C’erano tanti dei suoi ragazzi, ma anche il vescovo di Como, Oscar Cantoni e gli amici di una vita, ieri all’Arca per l’inaugurazione del monumento che ricorda il suo fondatore, don Aldo Fortunato, scomparso nella primavera dello scorso anno.
L’installazione, a forma di spirale, è stata posta all’ingresso delle comunità terapeutiche.
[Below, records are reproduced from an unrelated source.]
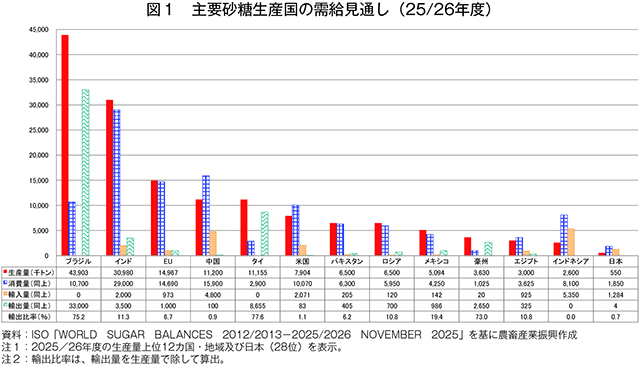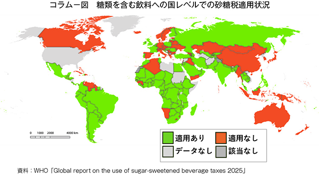 コラム 砂糖税をめぐる世界の状況世界保健機関(WHO)は2026年1月、「糖類を含む飲料税に関するグローバル報告書(Global report on the use of sugar-sweetened beverage taxes 2025)」を公表した。これによると、24年7月時点で、世界116カ国において1種類以上の糖類を含む飲料に国レベルの砂糖税(コラム注)が課されている(コラム−図)。(コラム注)一般的に糖類を含む飲料や食品に対する課税のこと。導入国ごとに税制の正式名称は異なる。 ![]() このうち、114カ国で糖類を含む炭酸飲料が課税対象となっている。地域別では、アフリカ地域で糖類を含む飲料への適用率が最も高く、対象47カ国の89.4%(42カ国)が導入している。これに続くのが東地中海地域(17カ国中13カ国:76.5%)、東南アジア地域(8カ国中6カ国:75%)、南北アメリカ地域(33カ国中22カ国:66.7%)、西太平洋地域(24カ国中12カ国:50%)、欧州地域(50カ国中21カ国:42.0%)である。また、所得階層別では、低所得国が最も高い適用率(21カ国中20カ国:95.2%)を示している。 報告書では、経済成長に伴う物価上昇の中で飲料価格が据え置かれた場合、糖類を含む飲料が一層手頃な価格となり、入手しやすさが高まることで消費増につながる点を指摘している。このような消費の拡大は、過体重や肥満の有病率と関連する要因と位置付けており、砂糖税などの税制政策は価格を引き上げ、入手しやすさを抑制する効果的な手段であるとしている。 以下に主要国の砂糖税の概要を取りまとめた(コラム−表)。 ![]() 一方、WHOが2015年に公表した「糖類摂取ガイドライン」は、「糖類の完全排除」ではなく、「健康リスクを避けるための上限設定」を目的としている。すなわち、「糖類はゼロにすべきもの」ではなく、「摂取量を適切に管理すべきもの」との立場である。また、糖類の中には砂糖のようにエネルギー源としての機能に加え、脳内の神経物質に働きかけてリラックス効果をもたらすなど、一定の有効性が報告されているものもある。問題となるのは、あくまでも「一定量を超えた過剰摂取」である。 他の食材の事例を見てみると、例えば乳製品のバターは、かつて健康への悪影響が懸念され、長く消費が伸び悩み、「脱脂粉乳の副産物」とまで言われた時期があったものの、14年に米「TIMES」誌で「バターの脂肪は健康に良い」との報告が紹介されたことなどを契機に、健康的な食材として再評価が進み、世界的に消費が拡大した例がある。 どのような食材であれ、過度な摂取が健康に影響を及ぼす可能性がある点は共通であり、砂糖税のような強い政策措置を通じて消費の削減を迫られる状況は、食生活や食文化が十分に機能しない兆候とも言えるのではないか。今後、研究や調査の進展によって砂糖を含む糖類が再評価される可能性もある。従って、その有効性や有益性、適切な摂取量など、科学的根拠に基づく正確な情報を発信することが求められている。 |
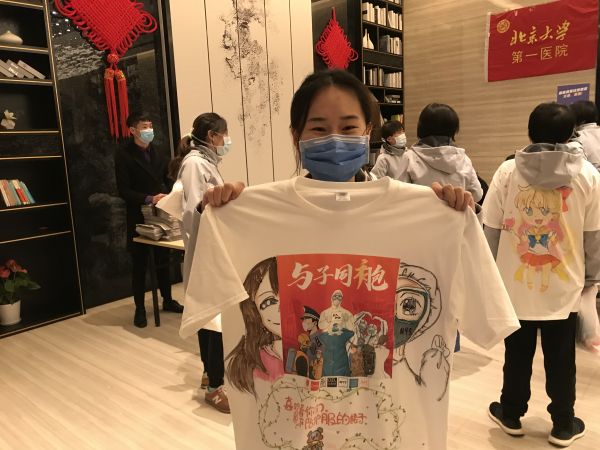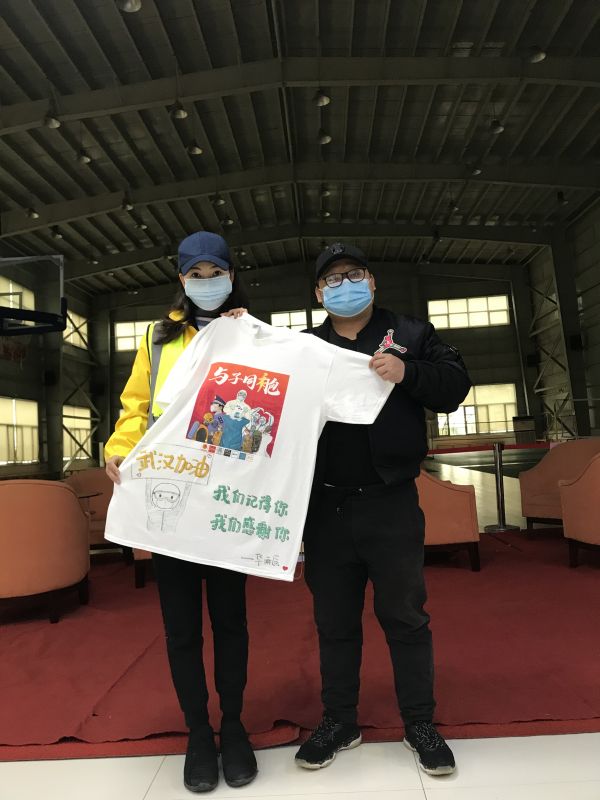 徐敬陽(yáng)介紹,他給每位醫(yī)護(hù)人員準(zhǔn)備了兩件文化衫,正面都印有專門設(shè)計(jì)的“與子同袍”的字樣和醫(yī)護(hù)等戰(zhàn)“疫”一線人物群像圖案,“一件可以經(jīng)常穿,另一件因?yàn)橛型盔f,不能洗,可以留作紀(jì)念!
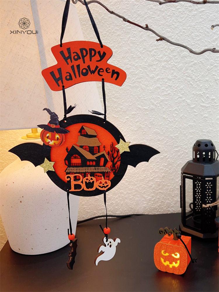 1 bat haunted house wooden door pendant, 1 pumpkin wooden door pendant
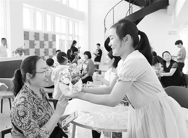 为传承中华民族传统美德,广泛推动全民阅读活动深入开展,大力弘扬社会主义核心价值观,近日,项城市图书馆举办了“‘唱起来、跳起来、读起来’欢乐进万家——朵朵鲜花送妈妈”活动。图为一名孩子把自己动手制作的花艺作品送给妈妈。 记者 卢好亮 摄

La figura di don Aldo è stata ricordata dal presidente della cooperativa Arca di Como, Giorgio Torres e dal consigliere Maurizio Galli, prima della benedizione del vescovo.
Il sacerdote, fondatore della comunità di recupero per tossicodipendenti, era scomparso nel maggio del 2016, aveva 87 anni.
Un monumento a forma di spirale, come la catena del Dna, perché rappresenti la vita «quella che si ritrova una volta entrati in comunità qui all’Arca» ha spiegato Maurizio Galli.
Alto più di tre metri, posato su un basamento di calcestruzzo e disegnato dall’architetto Mario Cappelletti, il monumento è stato realizzato proprio dai ragazzi di don Aldo. Rimarrà a ricordo del sacerdote, che ormai 35 anni fa costruì un’arca per salvare i tossicodipendenti, nell’area dell’ex Opp di Como.